Sometimes a doctor's recommendation also can stem from his or her patients' inherent biases, said Albert Fuchs, MD, FACP, a general internist based in Beverly Hills, Calif., who has a retainer practice with patients he said are eager to take any step to maximize good health.

Dr. Fuchs generally recommends annual mammograms starting at age 40, although he describes himself as sensitive to any misgivings that are expressed. But such concerns are rare, he said: “I think there is a lot more anxiety about catching cancer early than the potential harms of testing.”

If not careful, Dr. Fuchs added, a doctor can inflate a patient's fears in one direction or another. The physician could talk too much about breast cancer and thus drive the woman to mammography, he said. “Or I talk to you about overdiagnosis and make you irrationally afraid that you're going to have surgery and radiation for a breast cancer that's never going to hurt you,” he said.

No doctor wants to miss a single cancer that could make a difference for their patient's life, as well as their own malpractice vulnerability, said Dr. Elmore. She added that she is making an effort to educate women about the potential benefits and risks of screening when clinic time allows.

But that conversation can last several minutes even before broaching the concept of overdiagnosis, Dr. Elmore said. “I try, but I realize that it's not perfect. I think women deserve better. We need balanced decision aids to support our conversations and we need basic science to help us identify which cancers are actually going to progress and harm women and which are overdiagnosed.”

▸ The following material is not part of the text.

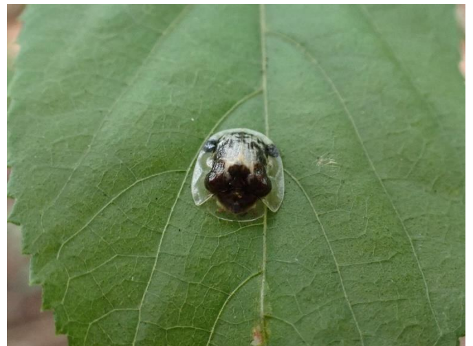
イチモンジカメノコハムシ 体の周辺部が半透明でユニークです。

Dr. Qaseem said, “Talk to your patient, help them understand benefits and harms, as we all would place different weights based on our personal reasons and circumstances. In addition to other factors, there are variables that should be taken into account such as race and ethnicity. Remember, guidelines are guides to help clinicians with their judgment. If 10 to 15 minutes are not enough for the patient, provide written materials for the woman to review in advance or take home.”

He added, “Clinicians should help women and we should empower women to make a decision about getting screened or not. It should be an informed decision which is individualized rather being paternalistic telling women what to do.”